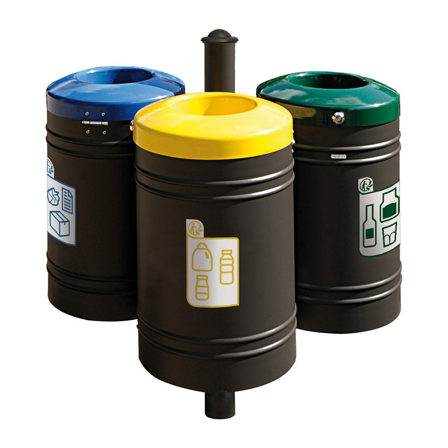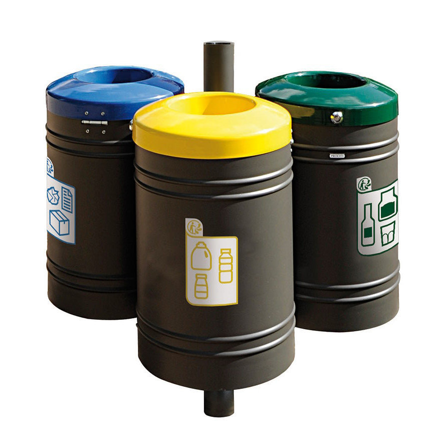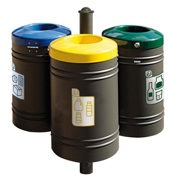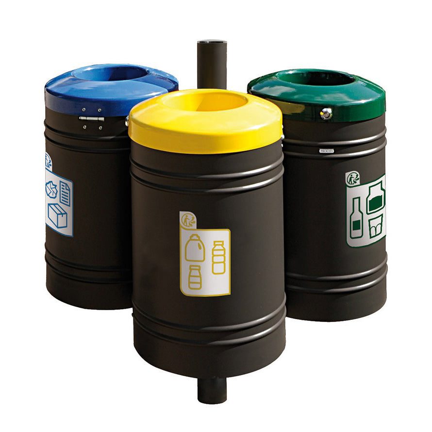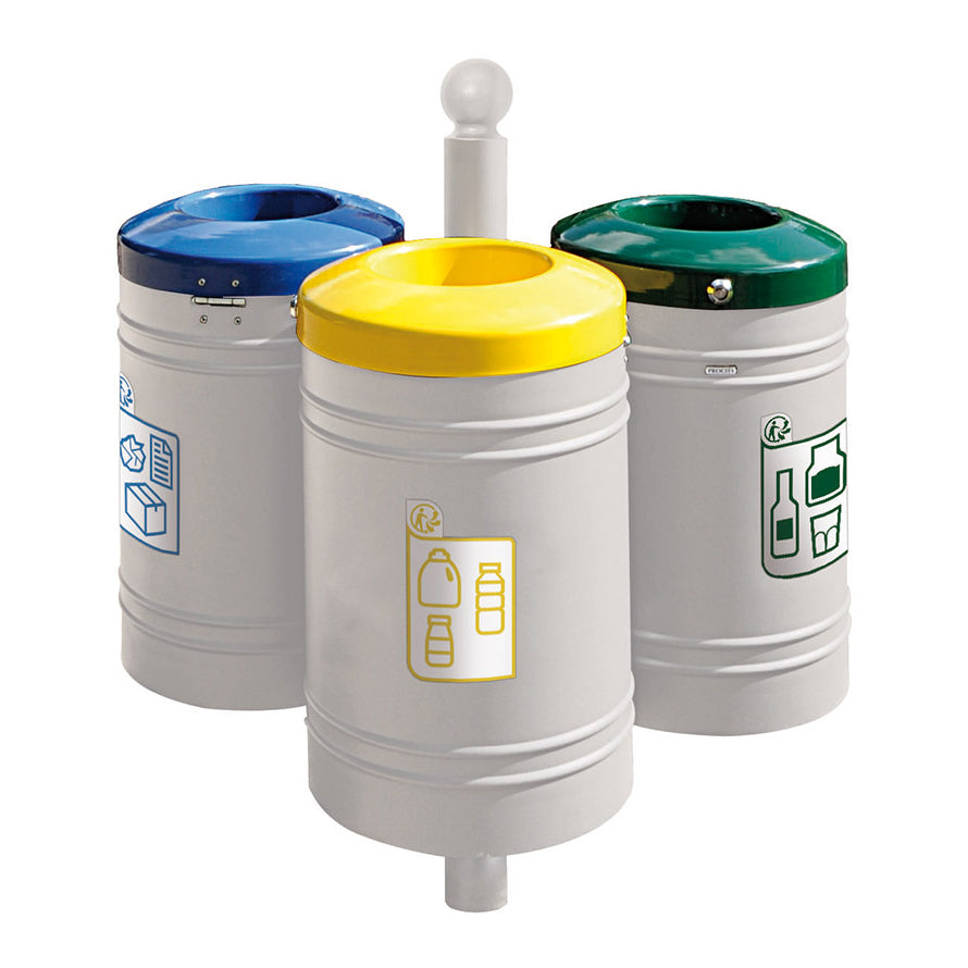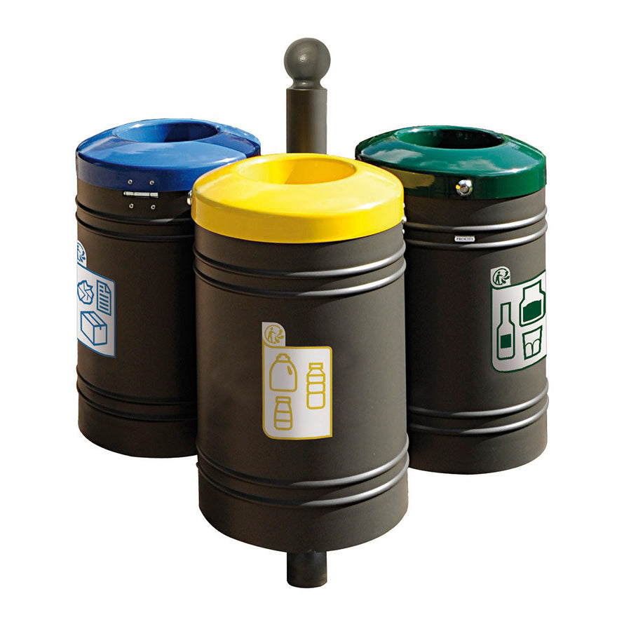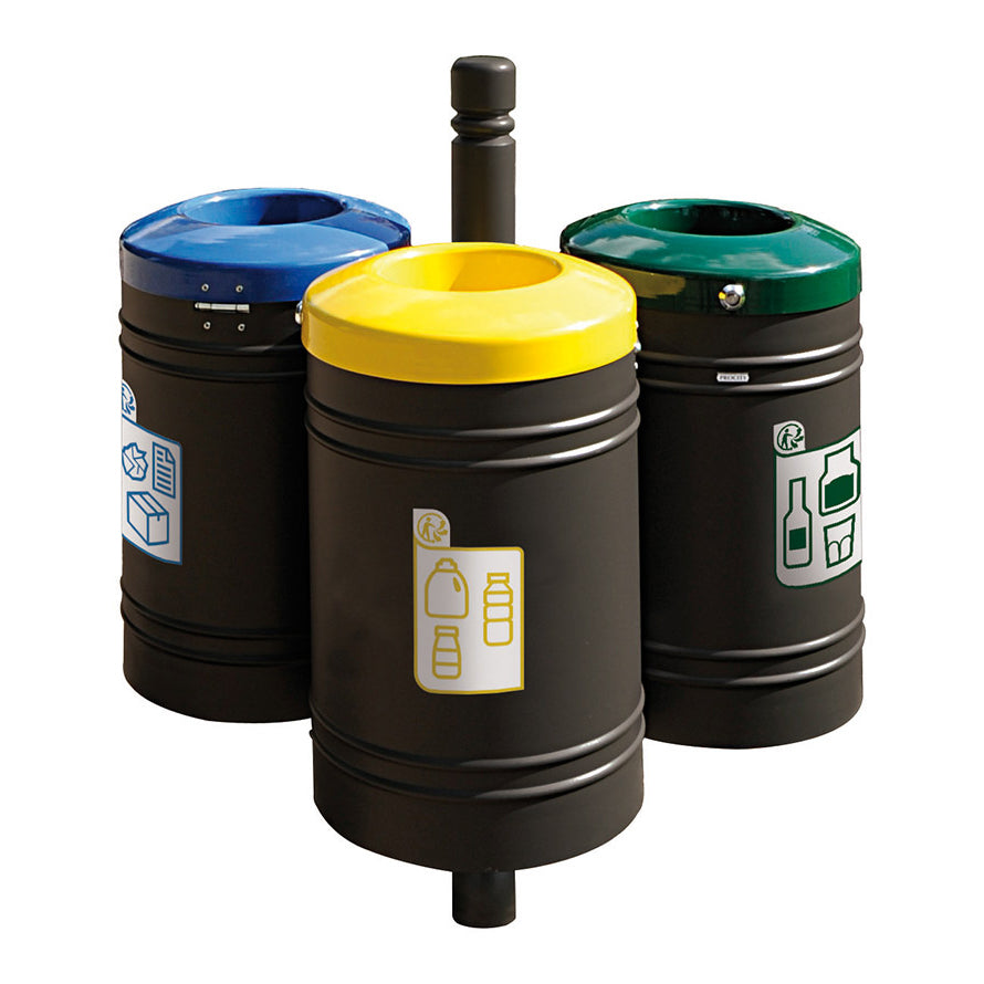 The Procity Selective Sort Recycling Bin Kit, with each bin holding a total capacity of 40L, features a design similar to the Procity Litter Bin on Side Mounted Post. This kit assembles one to three Procity litter bins around a central post to create a set. The central post can be finished with your choice of four decorative top caps from the Province collection - City, Agora, Sphere and Brushed Stainless Steel.
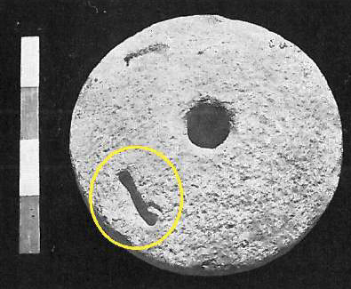 - Dormant element of medium grain granite millstone with irregular polishing, cylindrical at the base and conical cone at the top; slightly convex subvertical side and flat base. - General dimensions: diameter 45.5 cm and thickness between 9 cm (center) and 4.6 cm (side). - Angle of the grinding surface: c. 18 degrees. -Central sub-cylindrical hole vertically drilling the entire piece (diameter: 7.3). - A rectangular notch with c. 14 x 4 cm and 0.8 cm in-depth diametrically intercepts the central perforation at the base . - On the grinding surface, two concavities with a very elongated oval horizontal section are torn, with the following measures: - major concavity (where the coins were): major axis with c. 10.2; width between 1.8 and 2.3 and depths between 1.8 and 2.2; - minor concavity: major axis 8; width between 1.6 cm and 2.5 cm and an average depth of c. 1.2 cm. Silva 1990
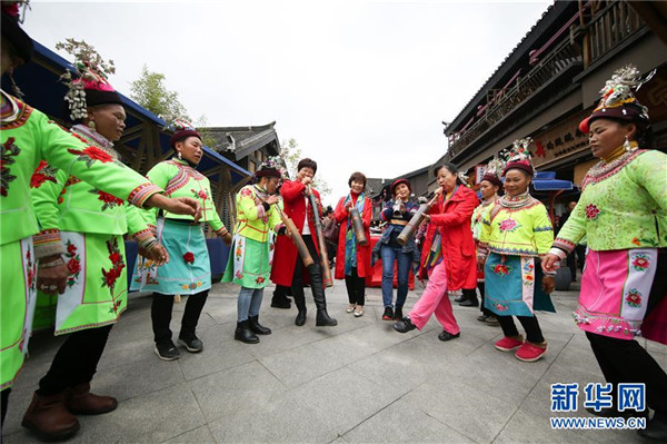 10月18日,游客在貴州省丹寨縣萬(wàn)達(dá)小鎮(zhèn)吃新節(jié)上體驗(yàn)苗族傳統(tǒng)蘆笙舞。當(dāng)日,貴州省黔東南苗族侗族自治州丹寨縣萬(wàn)達(dá)小鎮(zhèn)舉辦苗族吃新節(jié)體驗(yàn)活動(dòng)。當(dāng)?shù)孛缱逋J笙舞、品長(zhǎng)桌宴,并邀請(qǐng)游客參與其中,大家在歡聲笑語(yǔ)中樂(lè)享金秋。新華社發(fā)(黃曉海攝)

_What the task asks_. The data above should be returned in full, exactly as written, apart from its images.

_Solution for this exercise_.
 The Procity Selective Sort Recycling Bin Kit, with each bin holding a total capacity of 40L, features a design similar to the Procity Litter Bin on Side Mounted Post. This kit assembles one to three Procity litter bins around a central post to create a set. The central post can be finished with your choice of four decorative top caps from the Province collection - City, Agora, Sphere and Brushed Stainless Steel.
 - Dormant element of medium grain granite millstone with irregular polishing, cylindrical at the base and conical cone at the top; slightly convex subvertical side and flat base. - General dimensions: diameter 45.5 cm and thickness between 9 cm (center) and 4.6 cm (side). - Angle of the grinding surface: c. 18 degrees. -Central sub-cylindrical hole vertically drilling the entire piece (diameter: 7.3). - A rectangular notch with c. 14 x 4 cm and 0.8 cm in-depth diametrically intercepts the central perforation at the base . - On the grinding surface, two concavities with a very elongated oval horizontal section are torn, with the following measures: - major concavity (where the coins were): major axis with c. 10.2; width between 1.8 and 2.3 and depths between 1.8 and 2.2; - minor concavity: major axis 8; width between 1.6 cm and 2.5 cm and an average depth of c. 1.2 cm. Silva 1990
 10月18日,游客在貴州省丹寨縣萬(wàn)達(dá)小鎮(zhèn)吃新節(jié)上體驗(yàn)苗族傳統(tǒng)蘆笙舞。當(dāng)日,貴州省黔東南苗族侗族自治州丹寨縣萬(wàn)達(dá)小鎮(zhèn)舉辦苗族吃新節(jié)體驗(yàn)活動(dòng)。當(dāng)?shù)孛缱逋J笙舞、品長(zhǎng)桌宴,并邀請(qǐng)游客參與其中,大家在歡聲笑語(yǔ)中樂(lè)享金秋。新華社發(fā)(黃曉海攝)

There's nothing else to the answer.